JEE Mains · Maths · STD 12 - 9. differential equations
Let \(y=y(x)\) be the solution of the differential equation \(x\sqrt{1-x^2}\,dy + \left(y\sqrt{1-x^2} - x\cos^{-1}x\right)dx = 0\), \(x \in (0, 1)\), \(\displaystyle\lim_{x\to 1^-} y(x) = 1\).
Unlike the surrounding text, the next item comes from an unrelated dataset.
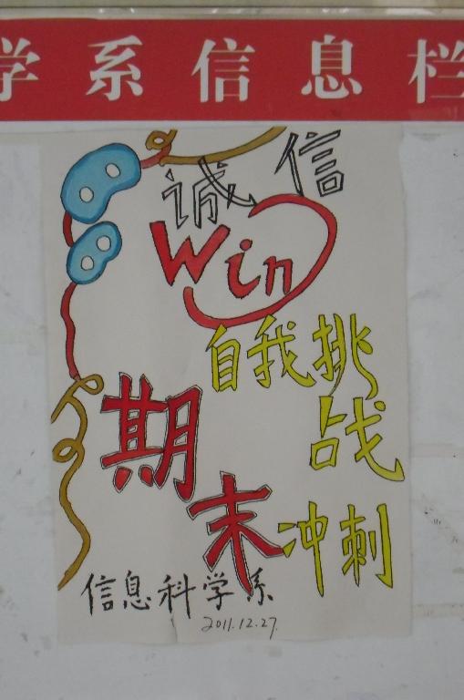 元旦将至,也迎来了新学年第一学期的期末考试,为确保期末考试顺利进行,信息科学系多角度宣传诚信考试,一是组织各班开展“诚信考试”主题班会;二是宣传部制作“诚信考试”的海报进行宣传引导;三是学习部向各班发放诚信考试倡议书。
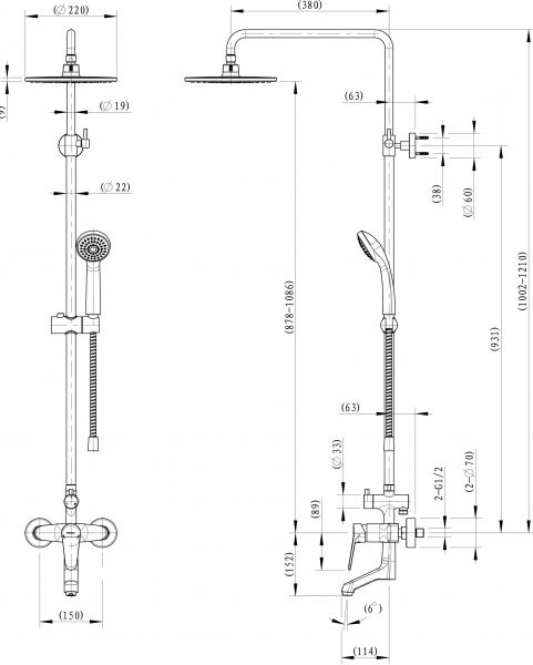 Размер верхнего душа, см:22

Then \(y\left(\dfrac{1}{2}\right)\) equals:
- A \(3 - \dfrac{\pi}{\sqrt{3}}\)
- B \(4 - \sqrt{3}\pi\)
- C \(4 - \dfrac{2\pi}{\sqrt{3}}\)
- D \(3 - \dfrac{\pi}{2\sqrt{3}}\)
Answer & Solution
Correct Answer
(A) \(3 - \dfrac{\pi}{\sqrt{3}}\)
Step-by-step Solution
Detailed explanation
The given differential equation is: \(x\sqrt{1-x^2}\,dy + \left(y\sqrt{1-x^2} - x\cos^{-1}x\right)dx = 0\) Rearranging the terms, we get: \(x\sqrt{1-x^2}\,dy + y\sqrt{1-x^2}\,dx = x\cos^{-1}x\,dx\) Dividing the entire equation by \(\sqrt{1-x^2}\):…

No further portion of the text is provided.